Output each record exactly as given. Leave out every picture.

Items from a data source
━━━━━━━━━━━━━━━━
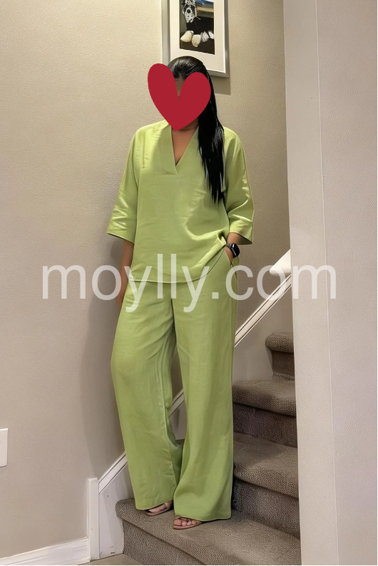 I loved this set the color is beautiful, the fabric feels amazing, and the pants have the perfect length. It barely wrinkles, it’s not see-through at all, and it feels very durable. It looks super stylish and honestly, it’s one of my best purchases. I absolutely loved it.
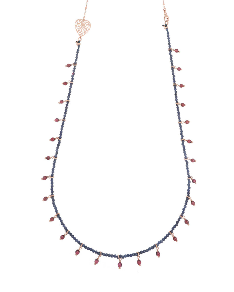 Collana lunga della collezione Maman et Sophie Zaffiro e Granato da donna. Colore: oro rosa, blu e rosso. Il gioiello è in argento 925‰ con galvanica oro rosa ad alto spessore e resistenza impreziosito da pietre di zaffiro e da gocce di granato pendenti. La collana è caratterizzata inoltre dal cuore Vittoriano traforato. Lunghezza totale 87,5 cm con chiusura a moschettone.
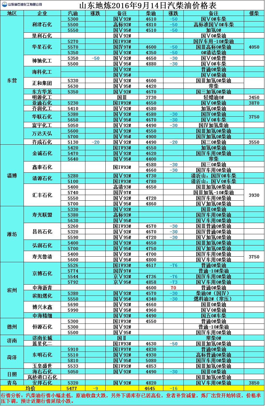 行情分析:汽柴油行情小幅走低,原油收盤大跌,另外下游庫存已居高位,業(yè)者補貨減量,煉廠出貨開始轉(zhuǎn)淡,價格承壓下調(diào),預(yù)計近期行情延續(xù)小跌。
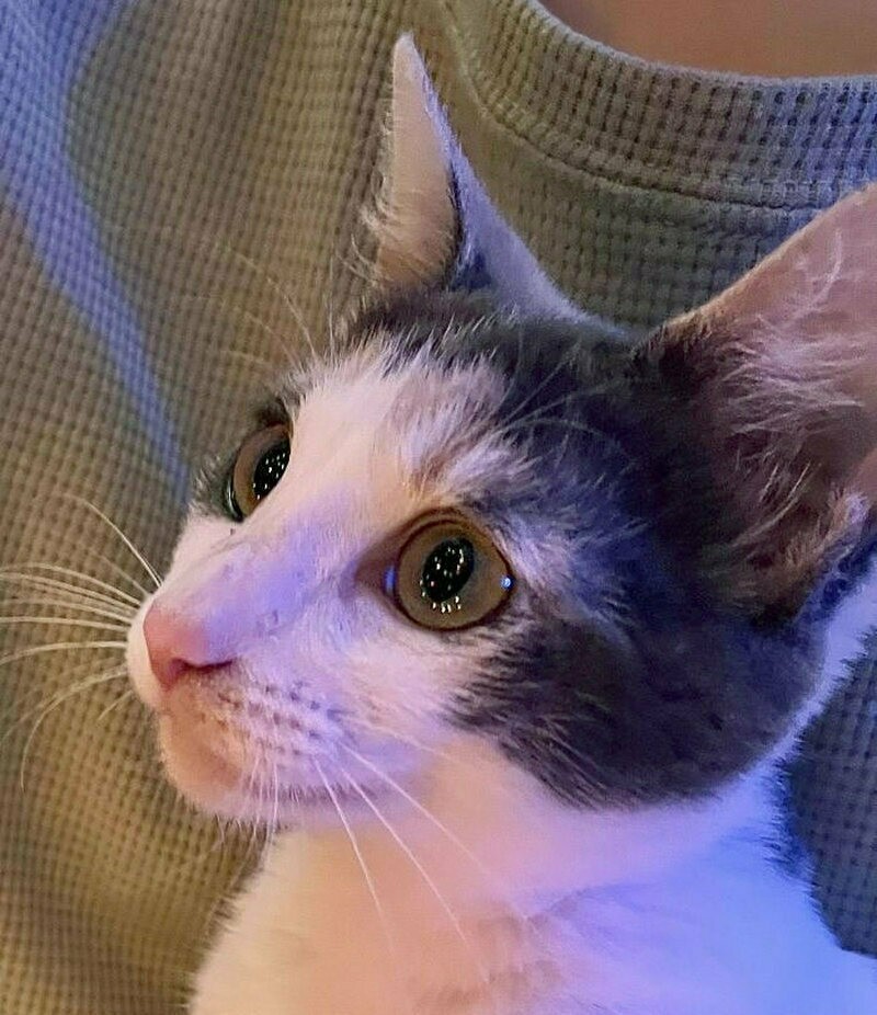 Кот из приюта впервые забрался к своему новому хозяину на колени
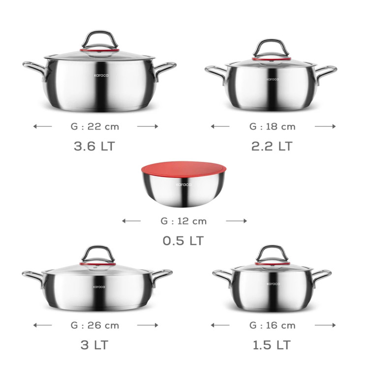 سرویس قابلمه ۱۰ پارچه استیل برند کاراجا ترکیه مدل Emirgan XL
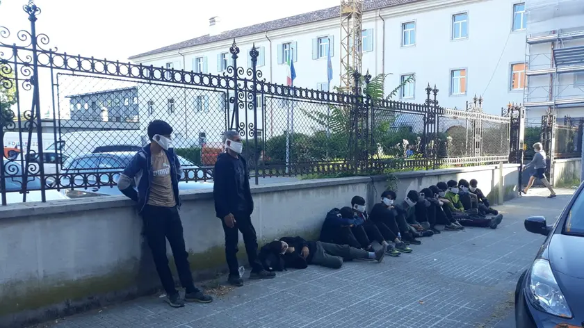 GORIZIA. Quattordici migranti, due in piedi, tutti gli altri seduti accanto al muro che delimita il parcheggio dell’Arcidiocesi in corso Verdi. Siamo
━━━━━━━━━━━━━━━━
- **Solution to this task**:
 I loved this set the color is beautiful, the fabric feels amazing, and the pants have the perfect length. It barely wrinkles, it’s not see-through at all, and it feels very durable. It looks super stylish and honestly, it’s one of my best purchases. I absolutely loved it.
 Collana lunga della collezione Maman et Sophie Zaffiro e Granato da donna. Colore: oro rosa, blu e rosso. Il gioiello è in argento 925‰ con galvanica oro rosa ad alto spessore e resistenza impreziosito da pietre di zaffiro e da gocce di granato pendenti. La collana è caratterizzata inoltre dal cuore Vittoriano traforato. Lunghezza totale 87,5 cm con chiusura a moschettone.
 行情分析:汽柴油行情小幅走低,原油收盤大跌,另外下游庫存已居高位,業(yè)者補貨減量,煉廠出貨開始轉(zhuǎn)淡,價格承壓下調(diào),預(yù)計近期行情延續(xù)小跌。
 Кот из приюта впервые забрался к своему новому хозяину на колени
 سرویس قابلمه ۱۰ پارچه استیل برند کاراجا ترکیه مدل Emirgan XL
 GORIZIA. Quattordici migranti, due in piedi, tutti gli altri seduti accanto al muro che delimita il parcheggio dell’Arcidiocesi in corso Verdi. Siamo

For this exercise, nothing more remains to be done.